Stylization of images using neural networks: no mysticism, just matan

Greetings to you, Habr! Surely, you have noticed that the theme of the stylization of photographs for various artistic styles is actively discussed on these web sites of yours. Reading all these popular articles, you might think that magic is going on under the hood of these applications, and the neural network really fantasizes and redraws the image from scratch. It just so happened that our team was faced with a similar task: as part of the intra-corporate hackathon, we made video styling , because application for photos already. In this post, we'll figure out how this network "redraws" images, and analyze the articles that made this possible. I recommend to get acquainted with the previous post before reading this material and in general with the basics of convolutional neural networks . You will find a few formulas, a bit of code (I will give examples on Theano and Lasagne ), as well as a lot of pictures. This post is built in the chronological order of the articles and, accordingly, the ideas themselves. Sometimes I will dilute it with our recent experience. Here you have a boy from hell to attract attention.
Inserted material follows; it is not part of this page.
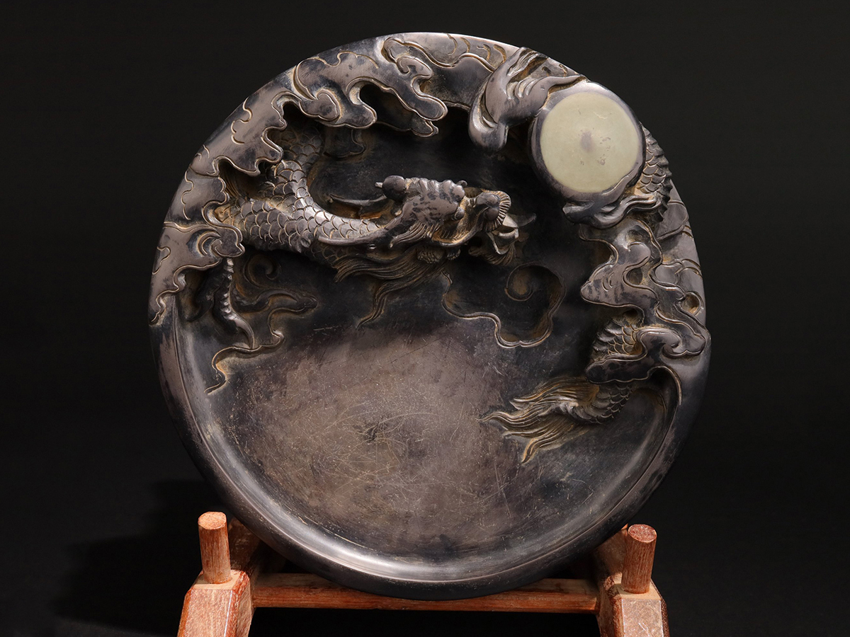 ◆御泓軒◆『清朝時代 老坑端硯 神龍戯珠紋端渓硯 李光庭銘』極細工・古賞物・中国古玩・中国古美術

Visualizing and Understanding Convolutional Networks (28 Nov 2013)

The first thing worth mentioning is an article in which the authors were able to show that the neural network is not a black box, but a completely interpretable thing (by the way, today it can be said not only about convolutional networks for computer vision). The authors decided to learn to interpret the activation of neurons of hidden layers, for this they used the deconvolutionary neural network (deconvnet) proposed several years earlier (by the way, by the same Zeiler and Fergus, who are the authors of this publication). A deconvolutional network is actually the same network with convolutions and pooling, but applied in the reverse order. In the original work on deconvnet, the network was used in unsupervised learning mode for generating images. This time, the authors applied it simply for a backward pass from the signs obtained after a direct pass through the network to the original image. The result is an image that can be interpreted as a signal that caused this activation on neurons. Naturally, the question arises: how to make a reverse pass through convolution and nonlinearity? And even more so through max-pooling, this is certainly not an invertible operation. Consider all three components.

Reverse ReLu

In convolution networks, as the activation function, ReLu (x) = max (0, x) is often used, which makes all activations on the layer not negative. Accordingly, when going back through nonlinearity, non-negative results must also be obtained. For this, the authors propose to use the same ReLu. From the point of view of the Theano architecture, it is necessary to redefine the gradient function of the operation (the infinitely valuable laptop is in the lasagna recipes , from there you will get the details of what is behind the ModifiedBackprop class).

class ZeilerBackprop(ModifiedBackprop): def grad(self, inputs, out_grads): (inp,) = inputs (grd,) = out_grads #return (grd * (grd > 0).astype(inp.dtype),) # explicitly rectify return (self.nonlinearity(grd),) # use the given nonlinearity

Reverse convolution

It is a bit more complicated here, but everything is logical: it is enough to apply the transposed version of the same convolution kernel, but to the outputs from the reverse ReLu instead of the previous layer used in the forward pass. But I'm afraid that in words it is not so obvious, let's look at the visualization of this procedure ( here you will find even more visualizations of bundles).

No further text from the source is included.